### [What the task asks]
Set down each line of the data below exactly as it stands, dropping the pictures.
Start of Information
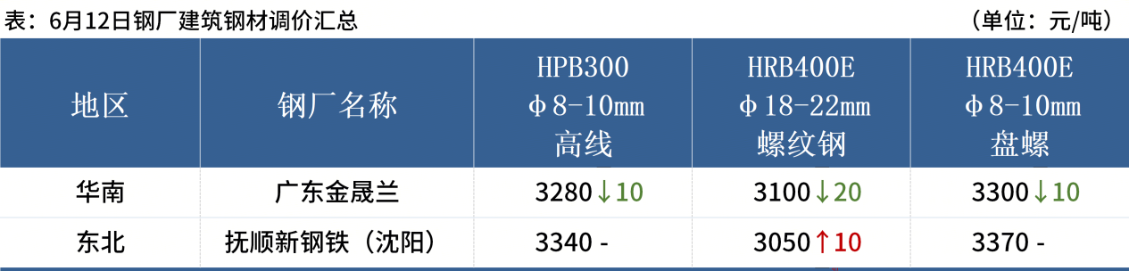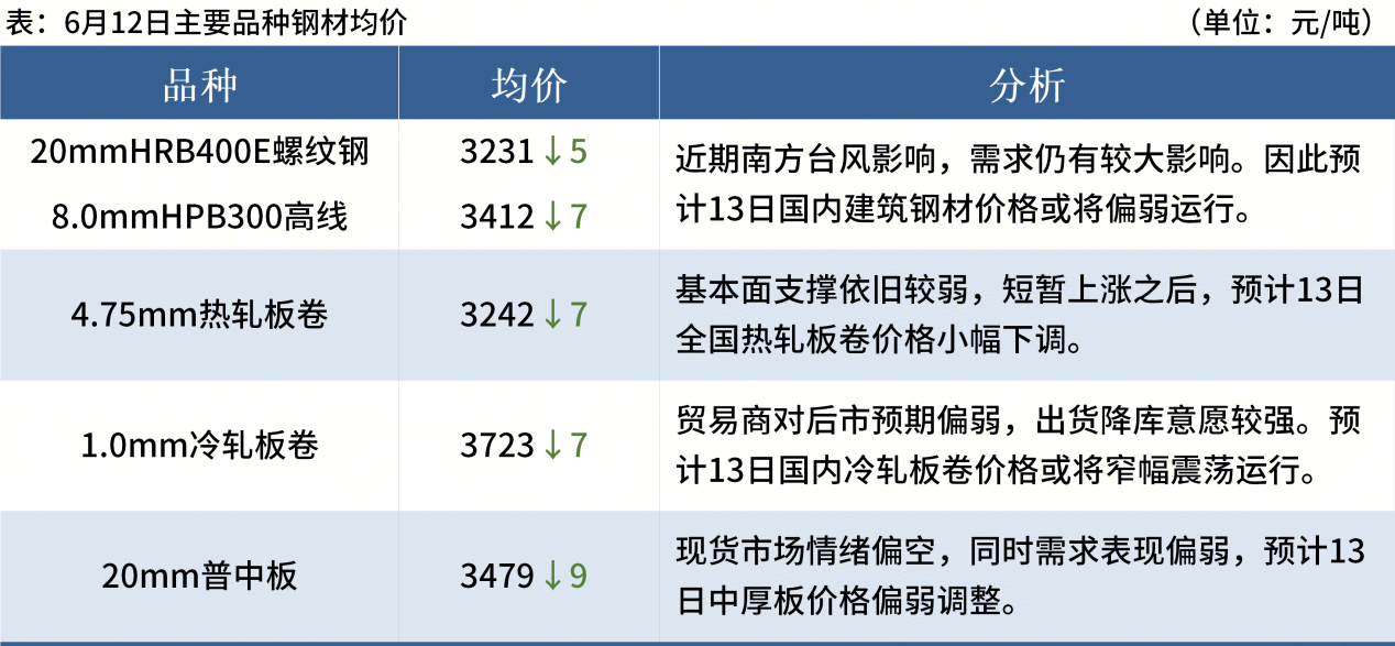 ◎ 6月12日,國內(nèi)鋼材市場震蕩偏弱運(yùn)行,唐山遷安普方坯出廠含稅下跌30報(bào)2890元/噸。
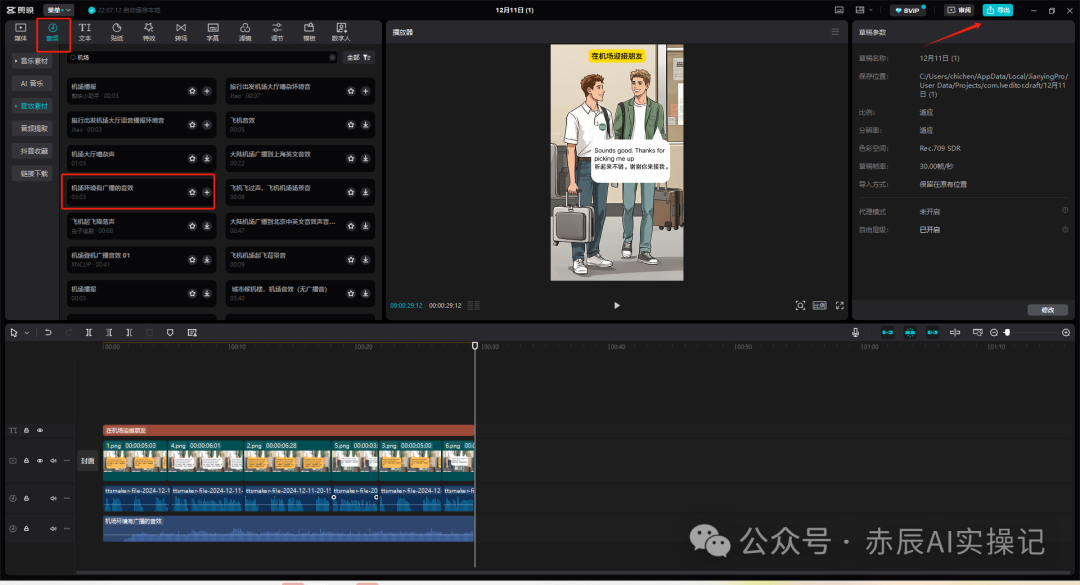 最后一步就将音频和图片导入进剪映中,根据音频匹配对应图片,最后添加个主题,设置环境声音,设置封面,就可以导出视频啦!
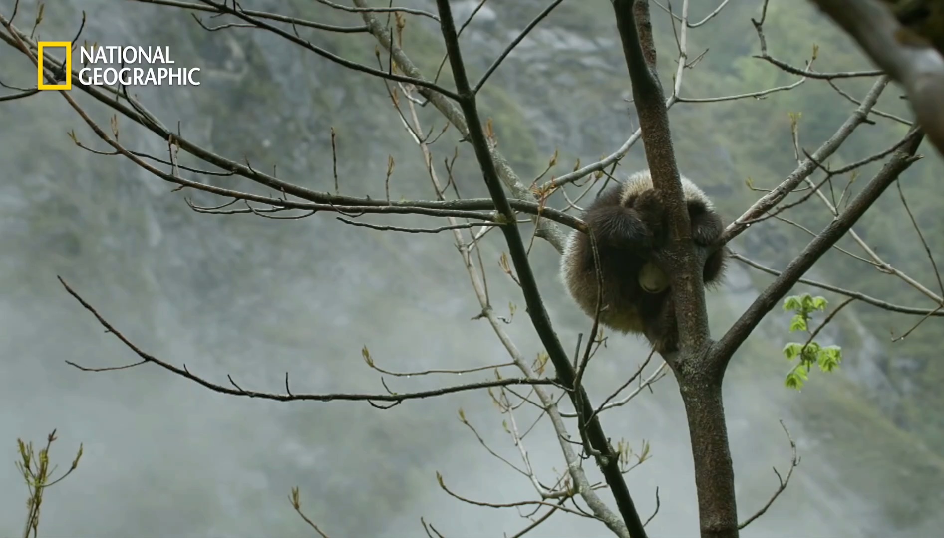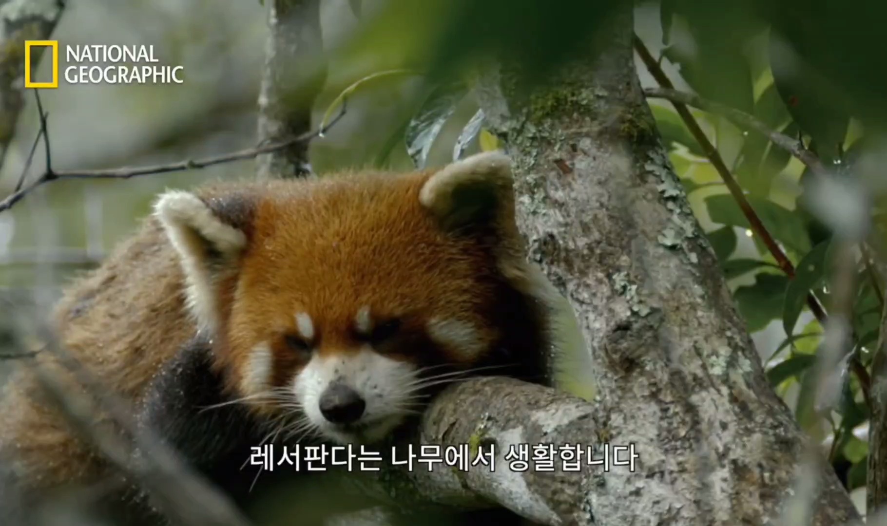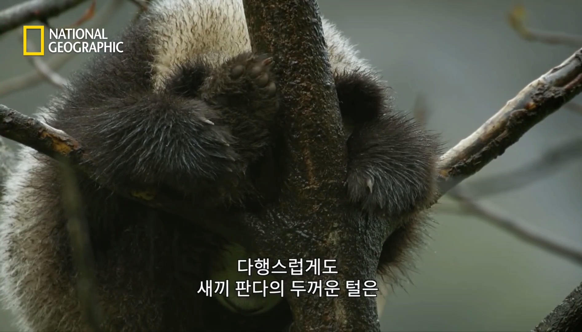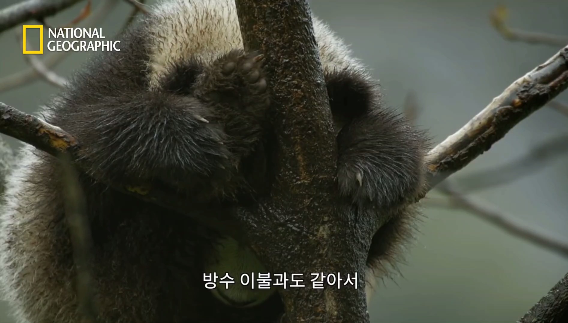 나무 위에서 비쫄딱맞는 새끼판다
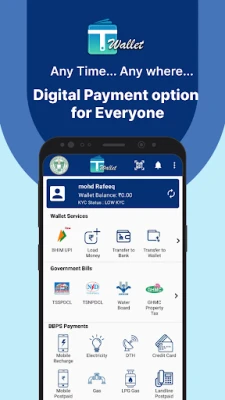 T Wallet, the official digital wallet by Government of Telangana, makes digital payments for both government and private services with ease. With T Wallet, one can do Money Transfer, Bank Transfer, Mobile Recharge, Metro Card Recharge, Electricity Bill Payment, Water Bill Payment, Property Tax Payment, Travel Tickets Booking, Online Recharges and other digital Bill Payments.
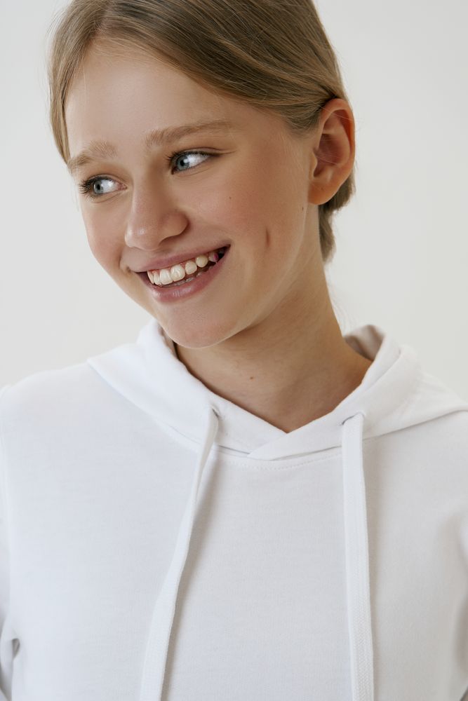 Легкое детское худи с карманом-кенгуру. Выполнено из высококачественного полотна, которое прошло активное крашение, предварительную термоусадку и обработку энзимами.
End of Information
### [Solution for this exercise]
 ◎ 6月12日,國內(nèi)鋼材市場震蕩偏弱運(yùn)行,唐山遷安普方坯出廠含稅下跌30報(bào)2890元/噸。
 最后一步就将音频和图片导入进剪映中,根据音频匹配对应图片,最后添加个主题,设置环境声音,设置封面,就可以导出视频啦!
 나무 위에서 비쫄딱맞는 새끼판다
 T Wallet, the official digital wallet by Government of Telangana, makes digital payments for both government and private services with ease. With T Wallet, one can do Money Transfer, Bank Transfer, Mobile Recharge, Metro Card Recharge, Electricity Bill Payment, Water Bill Payment, Property Tax Payment, Travel Tickets Booking, Online Recharges and other digital Bill Payments.
 Легкое детское худи с карманом-кенгуру. Выполнено из высококачественного полотна, которое прошло активное крашение, предварительную термоусадку и обработку энзимами.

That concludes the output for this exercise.